China Has Blacklisted Richard Gere from Mainstream Movies
Actor says his outspoken views on Tibet have stirred up controversy among Chinese investors in Hollywood
Richard Gere once enjoyed the life of a studio A-lister, with popular films such as “American Gigolo” and “Pretty Woman.” But he’s now insisting his political activism has led to a new life as an actor tackling indie cinema — and he’s perfectly happy to be there.
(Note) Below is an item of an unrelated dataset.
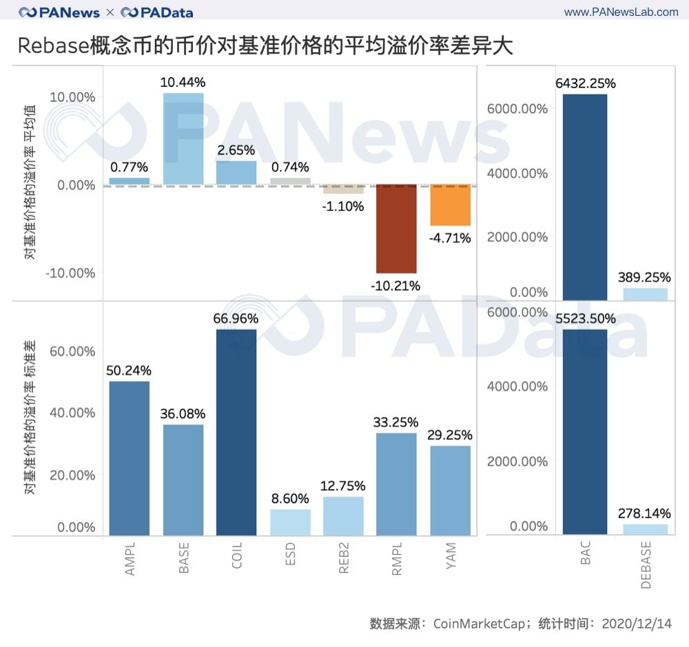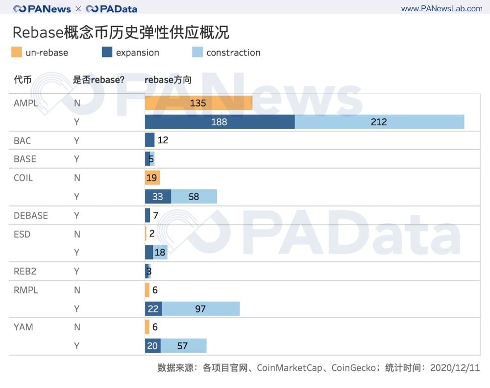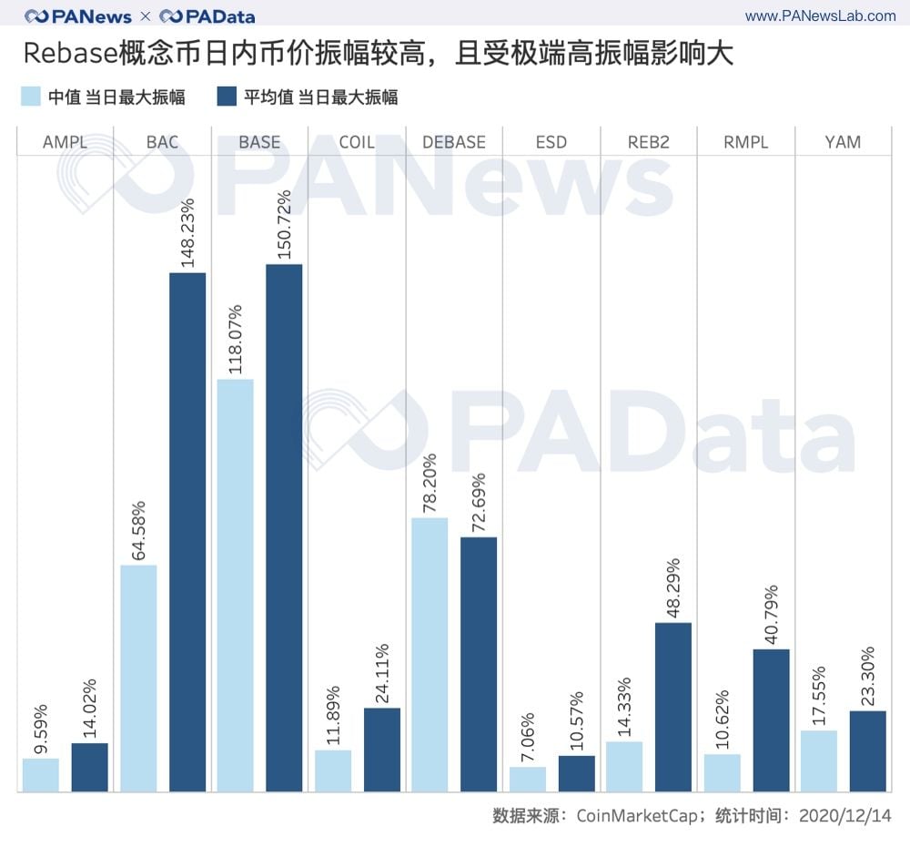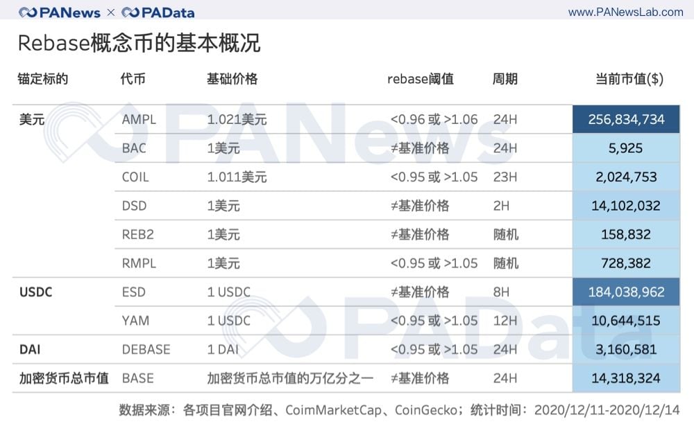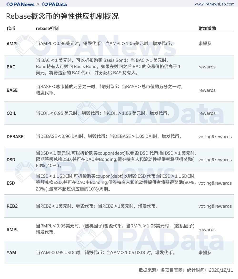 非稀釋性的彈性供應模型“走紅”幣圈。 這種經濟模型被稱為Rebase,其核心結構可以籠統地表述為,在一定週期內,當市場價格偏離基準價格或偏離基準價格一定範圍時,智能合約會直接或間接增加/減少代幣供應量以促使市場價格回歸基準價格。採用Rebase供應模型的代幣旨在保持幣價基本穩定,因此,這些代幣也被歸為算法穩定幣。 算法穩定幣並不是新鮮事物,早在2018年,市場上就出現了諸如Basecoin、Reserve、Carbon Money、Fragments等無資產抵押的算法穩定幣。但當時的主流穩定幣仍以資產抵押為主要模式,比如中心化發行的USDT、PAX、TUSD等,或去中心化發行的DAI、sUSD等。兩年後的今天,無抵押的去中心化算法穩定幣再次走入大眾的視線,展示了去中心化這一理念在除了DeFi以外的區塊鏈業態中的擴張態勢。 但是,算法穩定幣的再現並不意味著其解決了自身長期面臨的問題。這些問題中最核心的是,價格穩定是否是行業發展的普適需求?其次,穩定機制的效用是否具有長期性和穩定性?哪種機制更具有結構優越性? PAData將通過對各種Rebase機制的對比討論其背後的市場表現和博弈機會。 主流Rebase機制的比較:閾值、週期和代幣結構 Rebase機制的構成包括錨定標的、基礎價格、代幣結構、Rebase閾值、Rebase週期這五個基本要素。根據對AMPL、BASE、BAC、RMPL、ESD、YAM、REB2、DEBASE、DSD和COIL這10個概念幣的Rebase機制分析,美元仍然是最主流的錨定標的,一共涉及6種概念幣,其中,除了AMPL和COIL分別錨定2019年和2020年適應消費者價格指數通脹的1美元以外,其他4種概念幣都直接以1美元作為錨定的基礎價格。 另外,ESD、YAM和DEBASE都以穩定幣為錨定標的,區別在於,ESD和YAM錨定的是USDC,基礎價格設定為1 USDC,DEBASE錨定的是DAI,基礎價格設定為1 DAI。最“特立獨行”的概念幣是BASE,其錨定的標的是加密貨幣總市值,基礎價格為總市值的萬分之一。 在這10種概念幣中, AMPL 、 COIL 、 RMPL 、 YAM和DEBASE這5種代幣設定了彈性供應的閾值,一般為5% 。這個閾值也可以理解為一定的容錯價格範圍,即當幣價處於這個範圍內時, R ebase機制不會被觸發。如果不設置這個閾值,那麼R ebase機制的價格“敏感性”會更高,即幣價一旦偏離基準價格,機制就會被觸發。 與Rebase機制的“敏感性”相關的另一個變量是彈性供應週期。以24小時或十分接近24小時為一個週期的設定比較多見,AMPL、BAC、DEBASE和BASE都是如此設定的。另外還有一些超短週期和隨機週期的設定值得關注,比如DED的周期只有2小時,RMPL和REB2的周期則是隨機的,前者設定兩次彈性調整間隔不超過48小時,即周期範圍為0-48小時,後者規定每天最多啟動6次彈性調整,啟動人可以是任意持幣者。這些週期設定對價格穩定的影響還需要更長時間的觀察,但對持幣者而言,無疑需要更頻繁地調整持幣策略。 最後一種影響Rebase機制的構成要素是代幣結構,這也是五種基本要素中最重要的一種。按照機制發生時可能會涉及到的代幣數量,可以將代幣結構分為單幣種代幣結構和多幣種代幣結構兩種,前者以AMPL為典型代表,後者以BAC和ESD為典型代表。 單幣種代幣結構的Rebase機制通常較為簡單,即當幣價偏離基礎價格或偏離基礎價格一定範圍時,智能合約直接通過增發或銷毀這種代幣來促進幣價回歸基礎價格。比如當1 AMPL<0.96美元時,智能合約會減少持幣者錢包內的AMPL數量以促使價格回歸,反之亦然。但是,AMPL的彈性調整不是一次性實現的,而是平均至10天內完成,即每天執行總調整量的1/10,但第二天重新計算調整量後,合約將執行最新的調整量而不執行歷史調整量,也即實際上,當AMPL連續調整時,每次執行的彈性調整隻是目標調整量的1/10。 複雜的執行機制在一定程度上降低了簡單代幣結構可能帶來的高度靈敏的價格反應性,即高自反性。不過,這種組合不是必須的,類似BASE這樣的代幣就沒有設計複雜的執行機制,其彈性調整是一步到位的,其價格反應性相對也更激烈。 多幣種代幣結構的Rebase機制通常與DeFi理念有更深層次的構連。比如BAC的機制中就包含BAC和BAS這兩種代幣,當BAC低於基礎價格時,持幣人可以折扣購買Basis Bond,這實際是一種債券憑證,等到BAC高於基礎價格時,債券持有人可贖回Basis Bond,如果在贖回之後BAC 的交易價格仍高於基礎價格,將鑄造新的BAC代幣,並分配給BAS持有人。與之相似的還有ESD和DSD,雖然這不是標準的多代幣結構,但其核心機制類似多代幣結構機制。當幣價低於基礎價格時,系統為持幣人提供折價(與系統債務率有關)債券以激勵其銷毀代幣,這種債券被稱為“優惠券(coupon)”,等到價格高於基礎價格時,“優惠券”可以在規定期限內等額兌換,並且此時,系統還鼓勵持幣人將代幣存入DAO中以獲得獎勵。因此,理論上,增加的供應量將會流向DAO而不是流通市場。 目前Rebase概念幣與DeFi的構連還體現在流動性激勵方面,不少代幣都推出了獎勵方案,如果持幣人在AMM DEX中成為流動性提供者就可獲得一定的獎勵。 從目前各Rebase概念幣的交易市場構成中可以明顯的看到這一點,包括BAC、ESD、BASE等在內的8種Rebase概念幣的主要交易份額都來自Uniswap。 AMPL目前是市場接受度最高的一種Rebase概念幣,其主要交易份額來自Hotcoin、Kucoin和Uniswap,YAM由於遷移問題,目前YAM v3的代幣YAM主要來自Gate.io。 日內振幅普遍較高,AMPL和ESD對基礎價格的偏離低 Rebase機制的目的在於保持幣價穩定,或在

As a piece in The Hollywood Reporter notes, it all started in 1993, when Gere went off-script at the Academy Awards and protested China’s occupation of Tibet and its “horrendous, horrendous human-rights situation.” Susan Sarandon and Tim Robbins also went off script to speak on behalf of Haitian refugees. As a result, Gil Cates, the show’s producer, vowed to ban all three from future Oscars broadcasts.
Even so, Gere continued to speak out. In 2008 he called for a boycott of the Beijing Olympics, and he still supports the cause through his two foundations. Today, the 67-year-old actor has been banned for life from China.
“There are definitely movies that I can’t be in because the Chinese will say, ‘Not with him,'” Gere told the publication. “I recently had an episode where someone said they couldn’t finance a film with me because it would upset the Chinese.”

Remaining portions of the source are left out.